(Dataset content Opens)

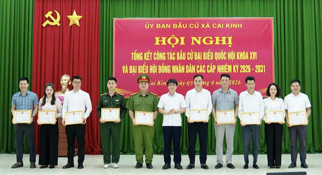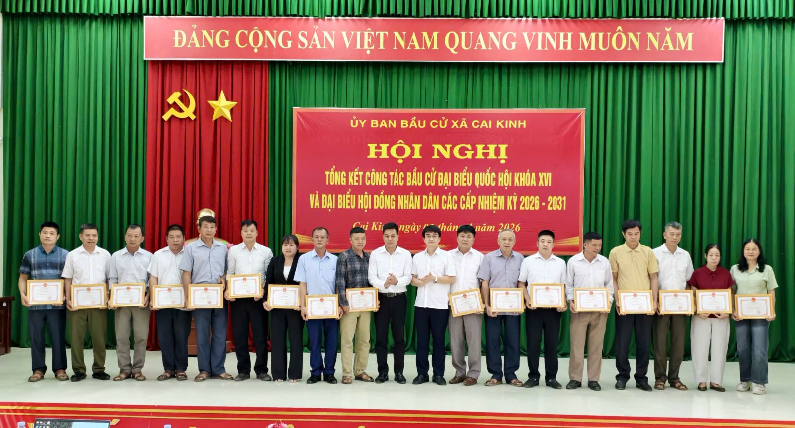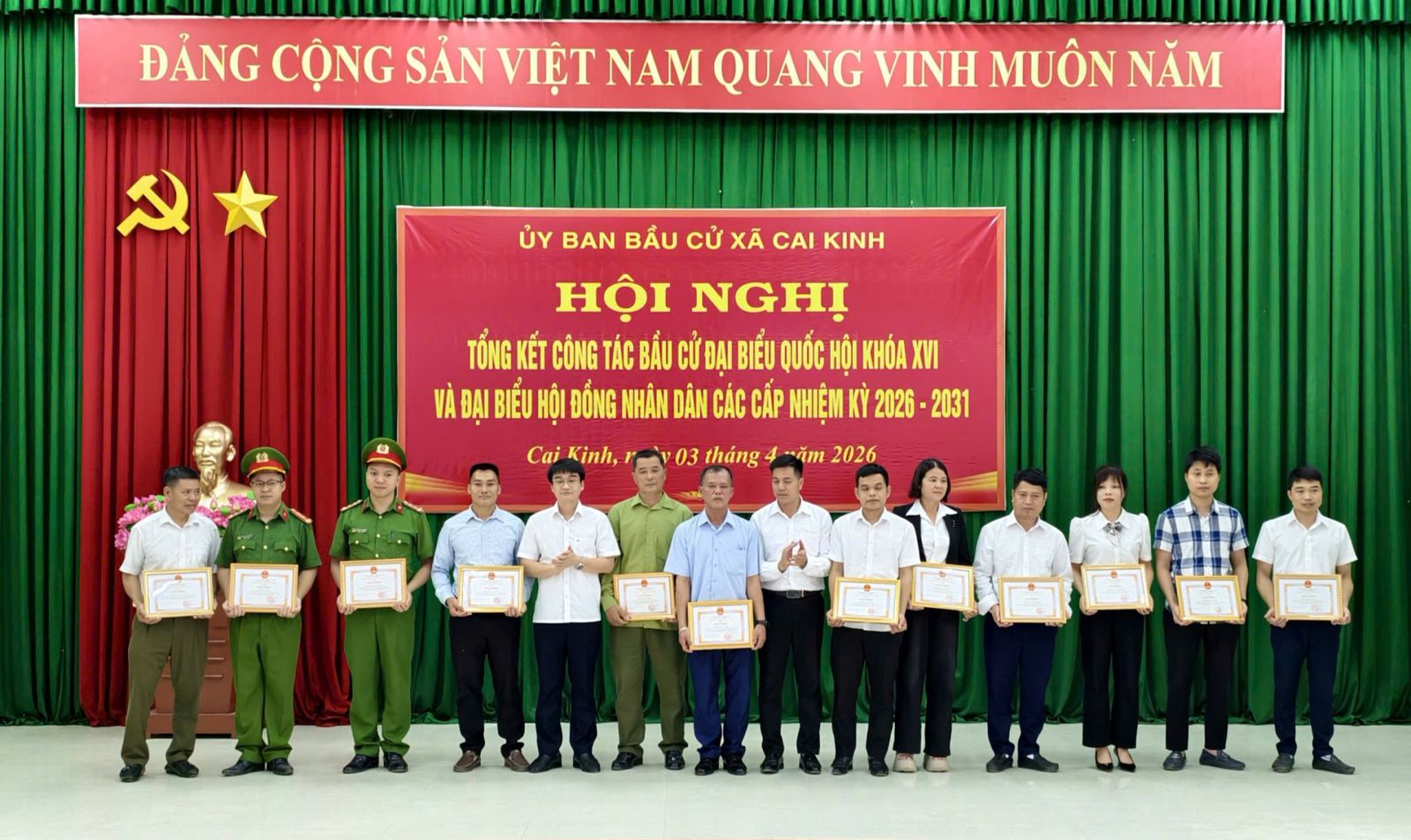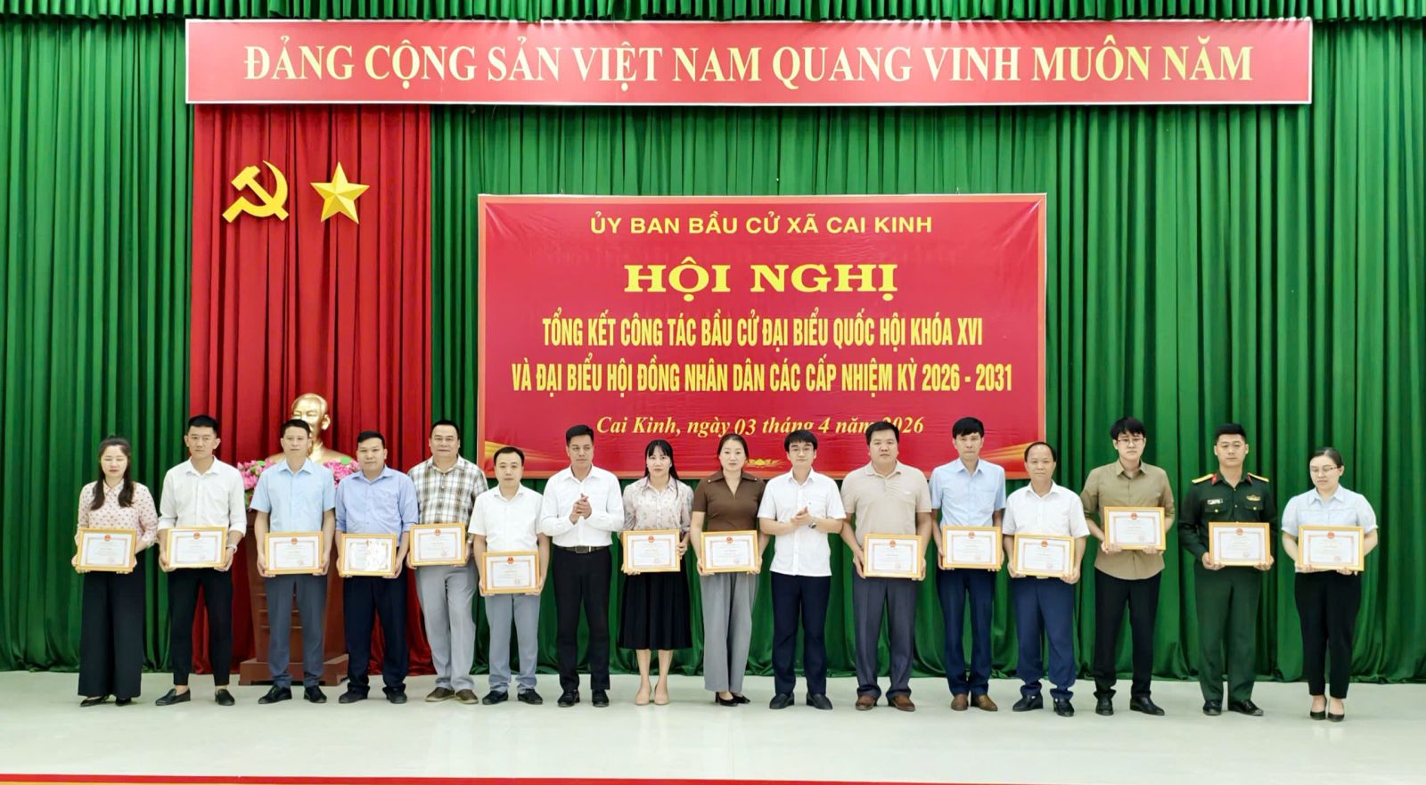 Nhân dịp này, Ủy ban bầu cử xã Cai Kinh đã trao giấy khen cho 28 tập thể và 51 cá nhân có thành tích xuất sắc trong công tác bầu cử Đại biểu Quốc hội khóa XVI và Đại biểu HĐND các cấp nhiệm kỳ 2026 – 2031.
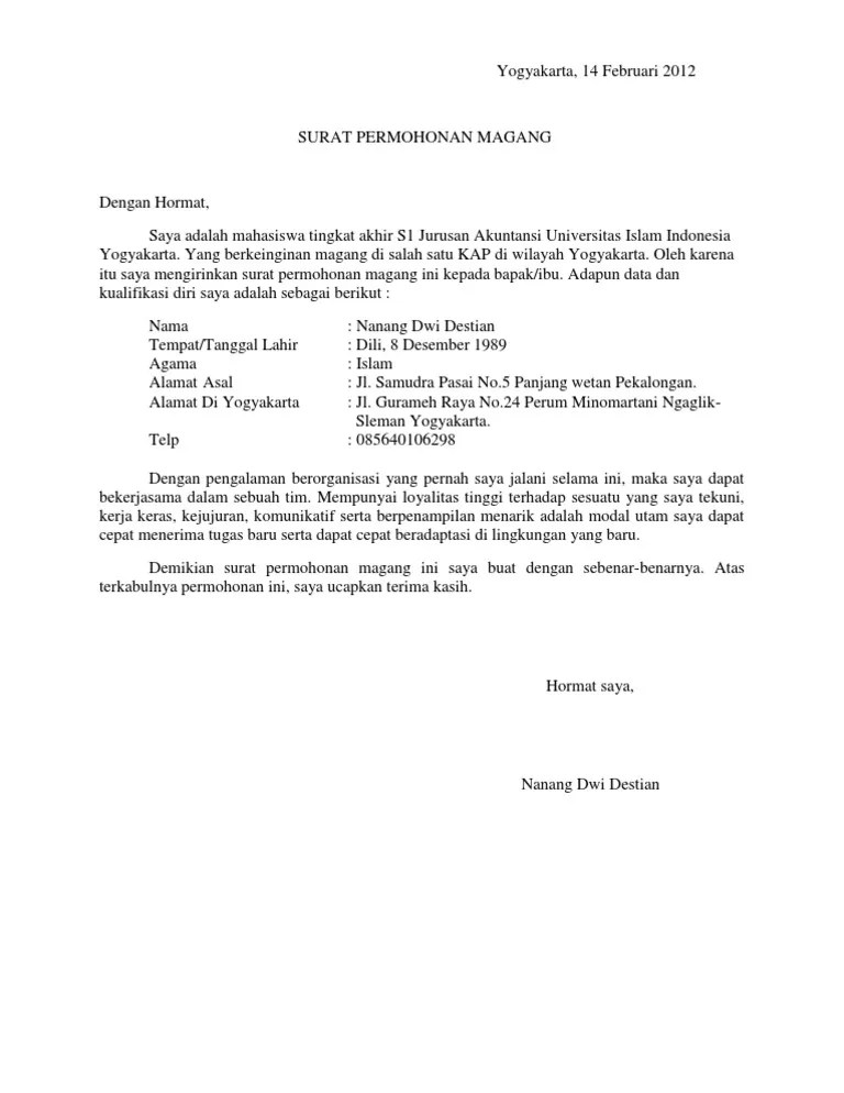 Contoh surat permohonan magang kerja yang baik dan benar. Pengertian surat lamaran kerja magang pkl program bina magang. Berikut contoh surat lamaran kerja yang dapat dijadikan referensi untuk melamar pekerjaan di . Contoh surat lamaran magang kerja perusahaan. Berdasarkan informasi yang saya peroleh dari situs resmi origon hotel, .
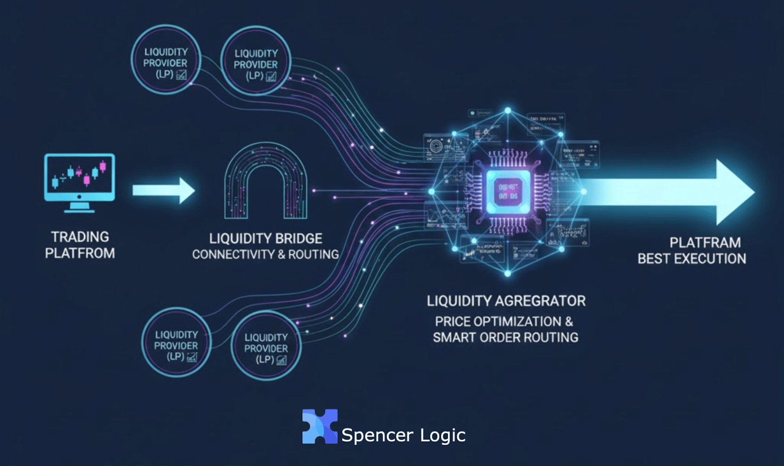 For emerging brokers, the path forward is clear: start with a solid bridging foundation, and evolve into aggregation as your liquidity relationships and trading volume grow. Together, these systems form the infrastructure that determines whether your brokerage can scale sustainably in an increasingly demanding market.At Spencer Logic, we provide an integrated Bridging & Aggregation Stack designed specifically for multi-asset brokers. Our technology delivers low-latency connectivity, real-time optimization, and flexible execution control — all from a single, unified platform. If you’re ready to enhance your execution and pricing architecture, explore our Bridging Solution and see how Spencer Logic helps brokers build faster, smarter, and more scalable infrastructures.

(Dataset content Closes)

--- What needs to be done ---
Set out exactly, and only, the lines between the first line of the listing and the line containing "Contoh surat permohonan", counting both, while leaving every picture out.

--- Task output ---
 Nhân dịp này, Ủy ban bầu cử xã Cai Kinh đã trao giấy khen cho 28 tập thể và 51 cá nhân có thành tích xuất sắc trong công tác bầu cử Đại biểu Quốc hội khóa XVI và Đại biểu HĐND các cấp nhiệm kỳ 2026 – 2031.
 Contoh surat permohonan magang kerja yang baik dan benar. Pengertian surat lamaran kerja magang pkl program bina magang. Berikut contoh surat lamaran kerja yang dapat dijadikan referensi untuk melamar pekerjaan di . Contoh surat lamaran magang kerja perusahaan. Berdasarkan informasi yang saya peroleh dari situs resmi origon hotel, .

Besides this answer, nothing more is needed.